━━━━━ SUPPLIED MATERIAL

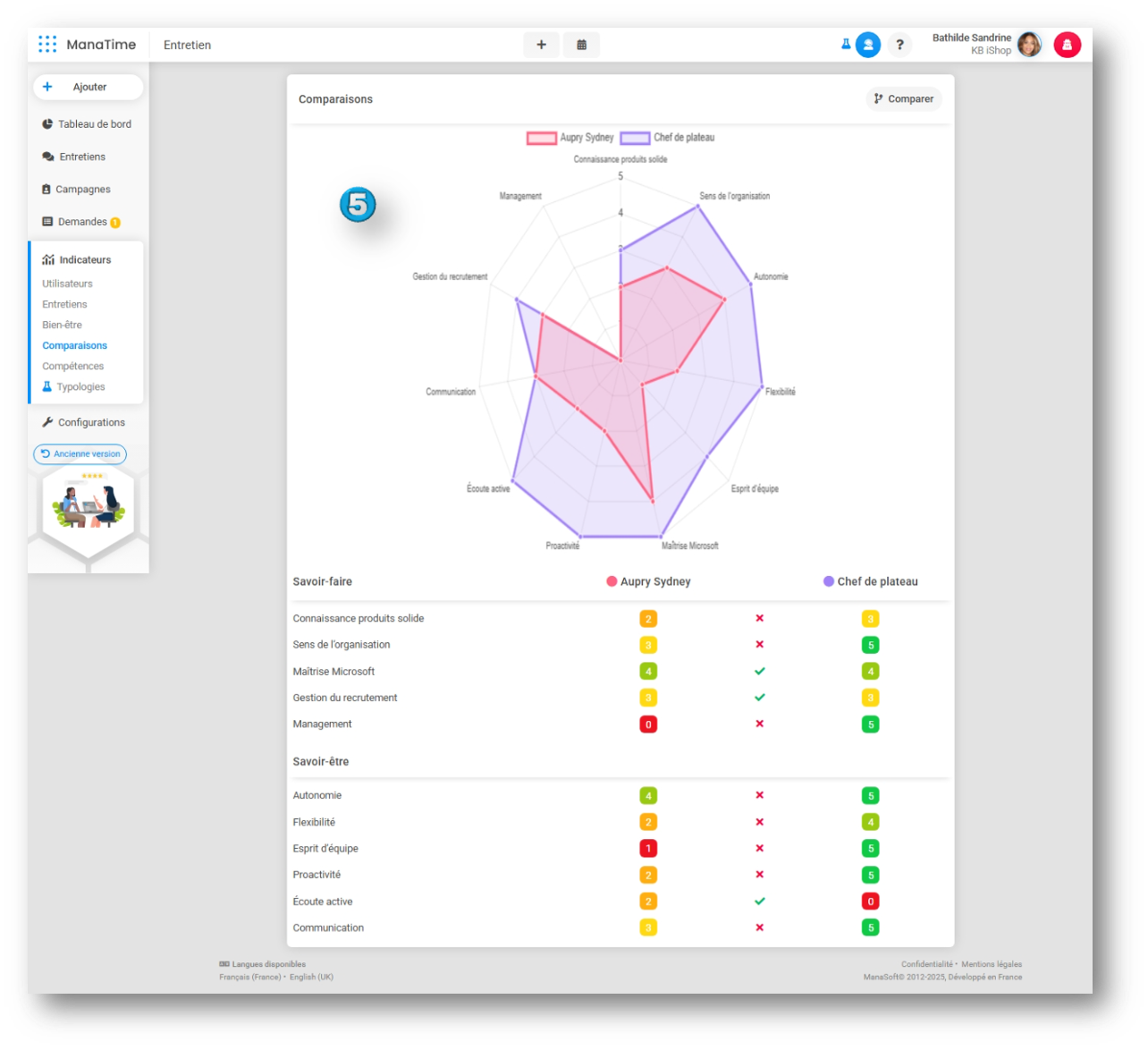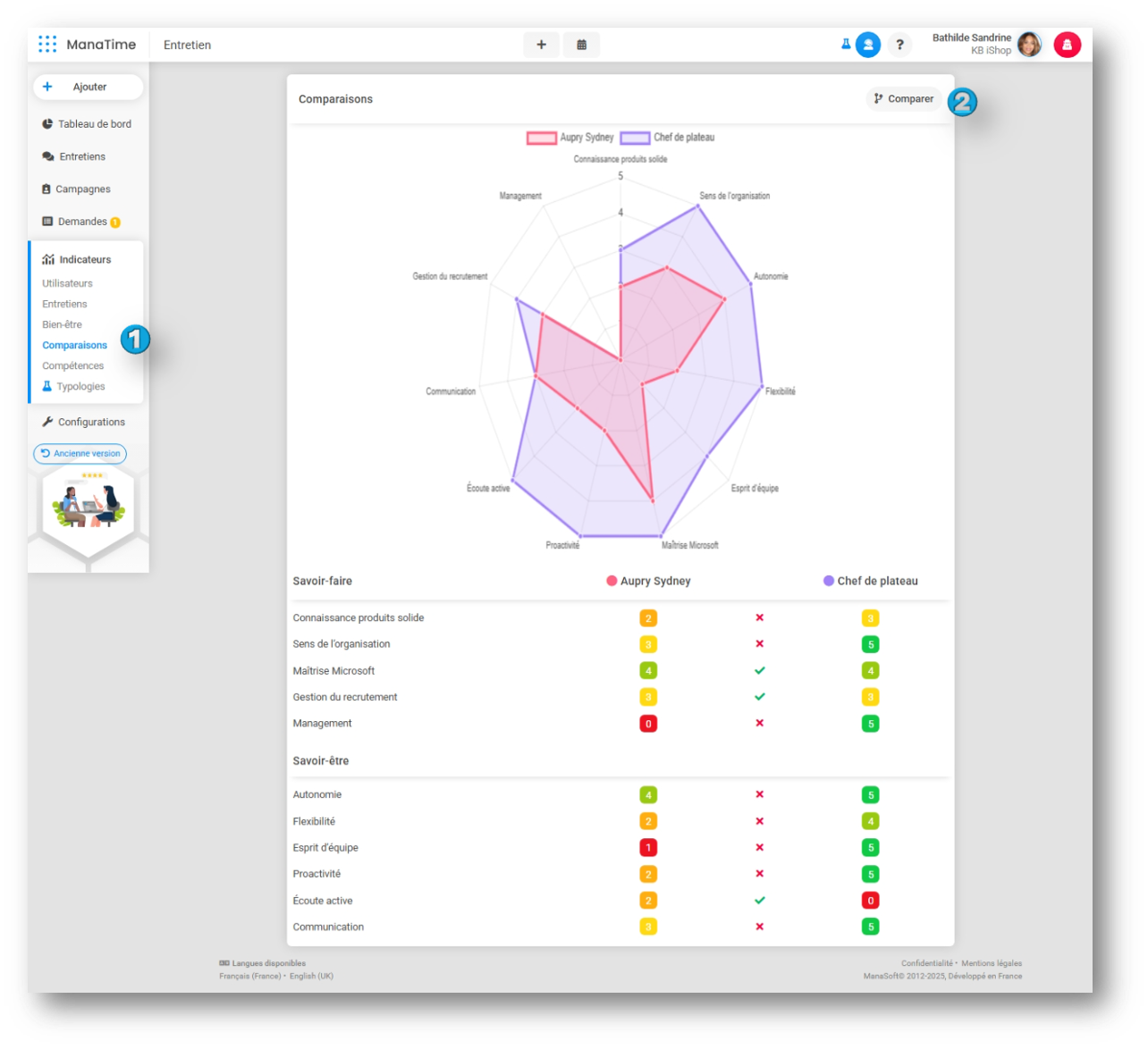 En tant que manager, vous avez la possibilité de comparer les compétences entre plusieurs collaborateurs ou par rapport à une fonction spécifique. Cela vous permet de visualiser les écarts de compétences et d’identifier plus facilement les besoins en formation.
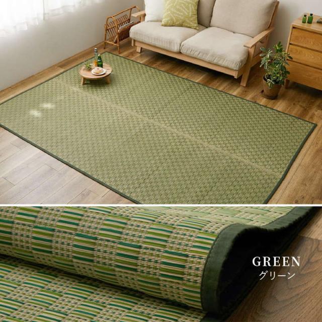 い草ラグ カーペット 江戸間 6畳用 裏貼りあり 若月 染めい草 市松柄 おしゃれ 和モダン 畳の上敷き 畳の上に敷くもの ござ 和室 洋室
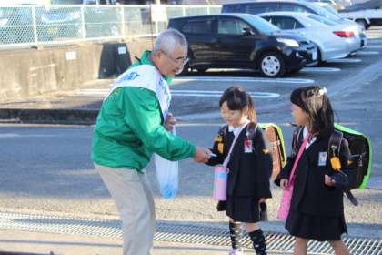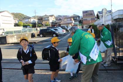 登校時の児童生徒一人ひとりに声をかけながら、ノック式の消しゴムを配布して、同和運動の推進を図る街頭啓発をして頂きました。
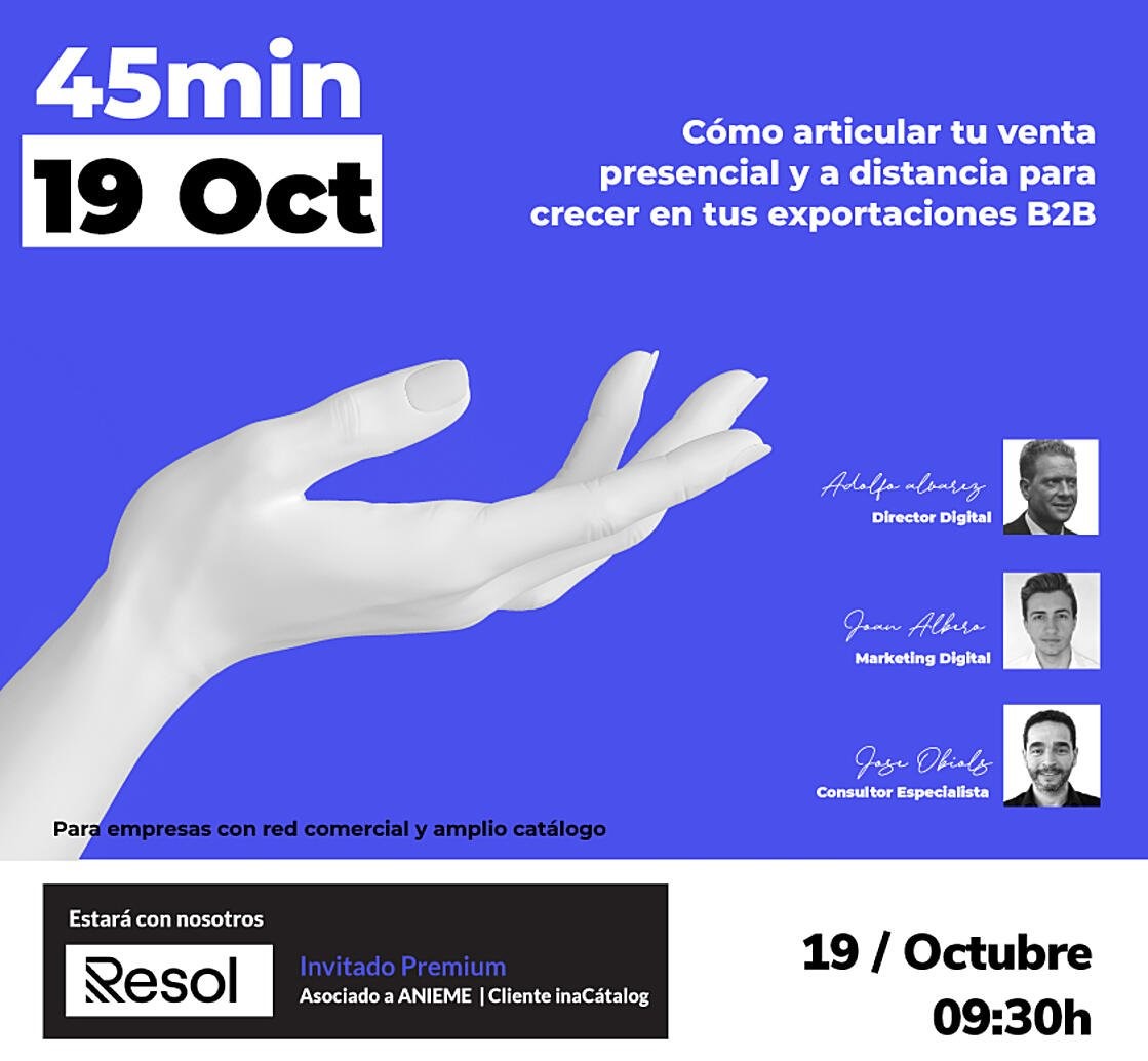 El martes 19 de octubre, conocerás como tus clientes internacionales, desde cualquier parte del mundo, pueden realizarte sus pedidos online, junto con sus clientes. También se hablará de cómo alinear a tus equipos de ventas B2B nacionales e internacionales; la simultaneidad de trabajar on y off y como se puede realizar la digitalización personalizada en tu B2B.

━━━━━━━━━━
━━━━━ SUPPLIED MATERIAL

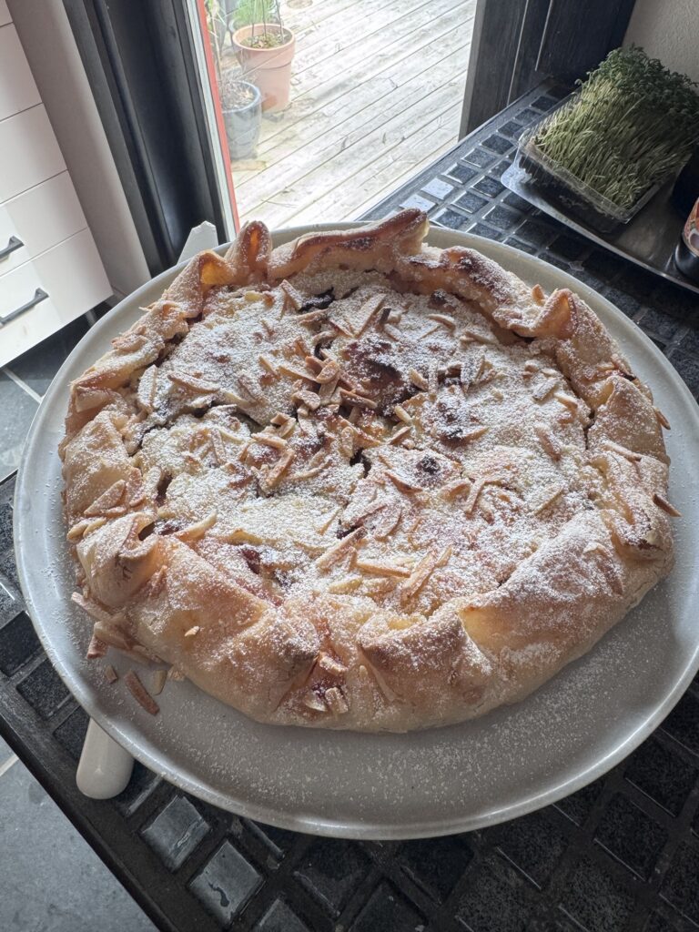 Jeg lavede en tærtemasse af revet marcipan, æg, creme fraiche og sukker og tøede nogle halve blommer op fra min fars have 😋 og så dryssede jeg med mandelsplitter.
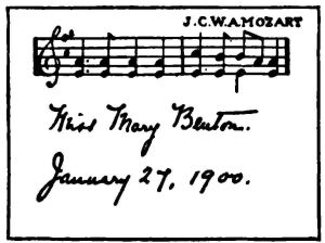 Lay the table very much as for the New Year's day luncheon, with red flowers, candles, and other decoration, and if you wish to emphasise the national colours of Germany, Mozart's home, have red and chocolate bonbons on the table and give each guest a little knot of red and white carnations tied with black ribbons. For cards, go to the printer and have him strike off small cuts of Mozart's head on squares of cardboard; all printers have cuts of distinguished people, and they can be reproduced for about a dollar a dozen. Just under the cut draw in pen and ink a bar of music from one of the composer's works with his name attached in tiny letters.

━━━━━━━━━━
━━━━━ SUPPLIED MATERIAL

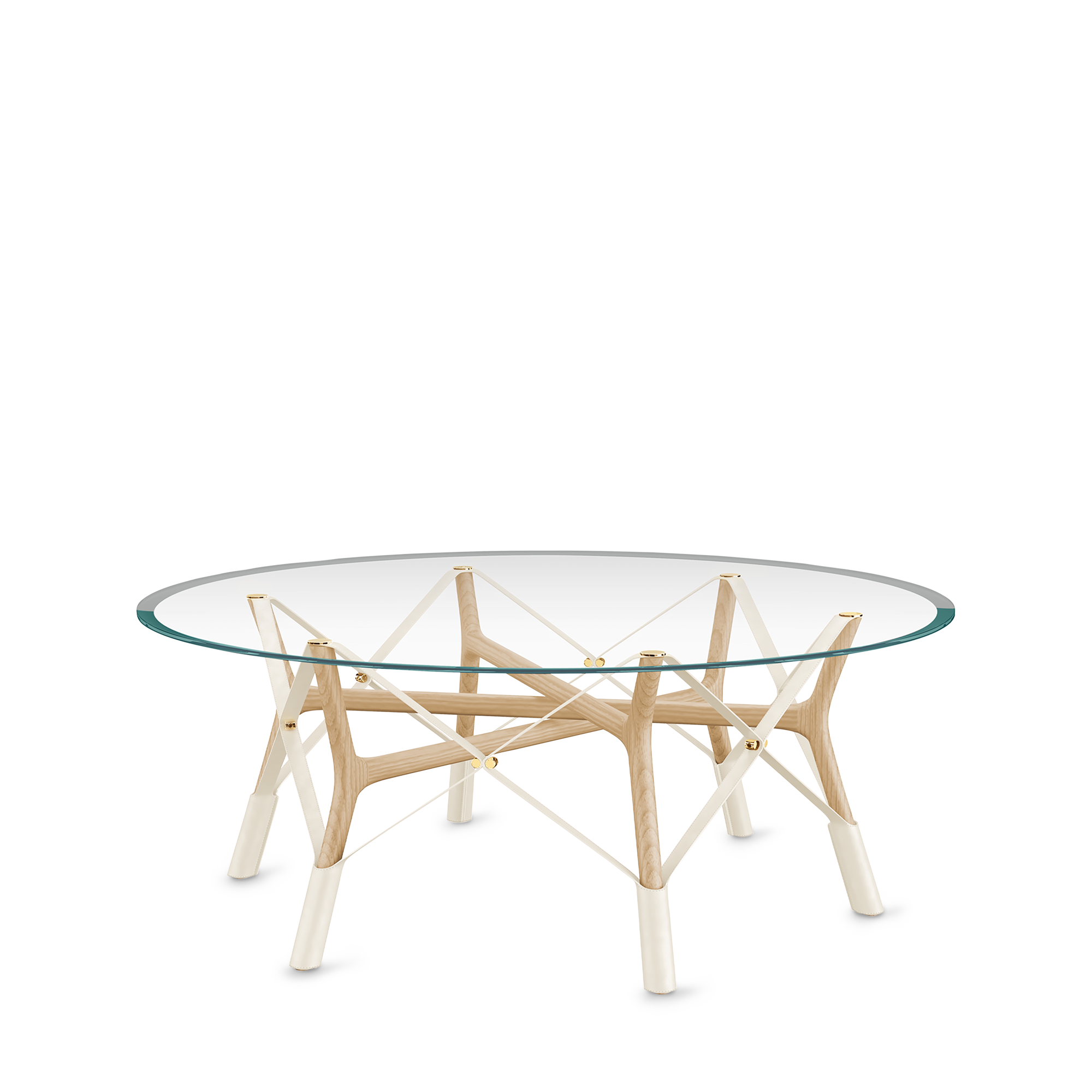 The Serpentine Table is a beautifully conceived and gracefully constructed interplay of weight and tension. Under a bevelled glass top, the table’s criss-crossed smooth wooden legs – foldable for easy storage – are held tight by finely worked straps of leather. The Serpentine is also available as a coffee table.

━━━━━━━━━━

WHAT IS REQUIRED:
Only the lines above from the one with "En tant que" to the one with "El martes 19" should be printed, both included and exactly as written; no picture belongs in the copy.

REPLY:
 En tant que manager, vous avez la possibilité de comparer les compétences entre plusieurs collaborateurs ou par rapport à une fonction spécifique. Cela vous permet de visualiser les écarts de compétences et d’identifier plus facilement les besoins en formation.
 い草ラグ カーペット 江戸間 6畳用 裏貼りあり 若月 染めい草 市松柄 おしゃれ 和モダン 畳の上敷き 畳の上に敷くもの ござ 和室 洋室
 登校時の児童生徒一人ひとりに声をかけながら、ノック式の消しゴムを配布して、同和運動の推進を図る街頭啓発をして頂きました。
 El martes 19 de octubre, conocerás como tus clientes internacionales, desde cualquier parte del mundo, pueden realizarte sus pedidos online, junto con sus clientes. También se hablará de cómo alinear a tus equipos de ventas B2B nacionales e internacionales; la simultaneidad de trabajar on y off y como se puede realizar la digitalización personalizada en tu B2B.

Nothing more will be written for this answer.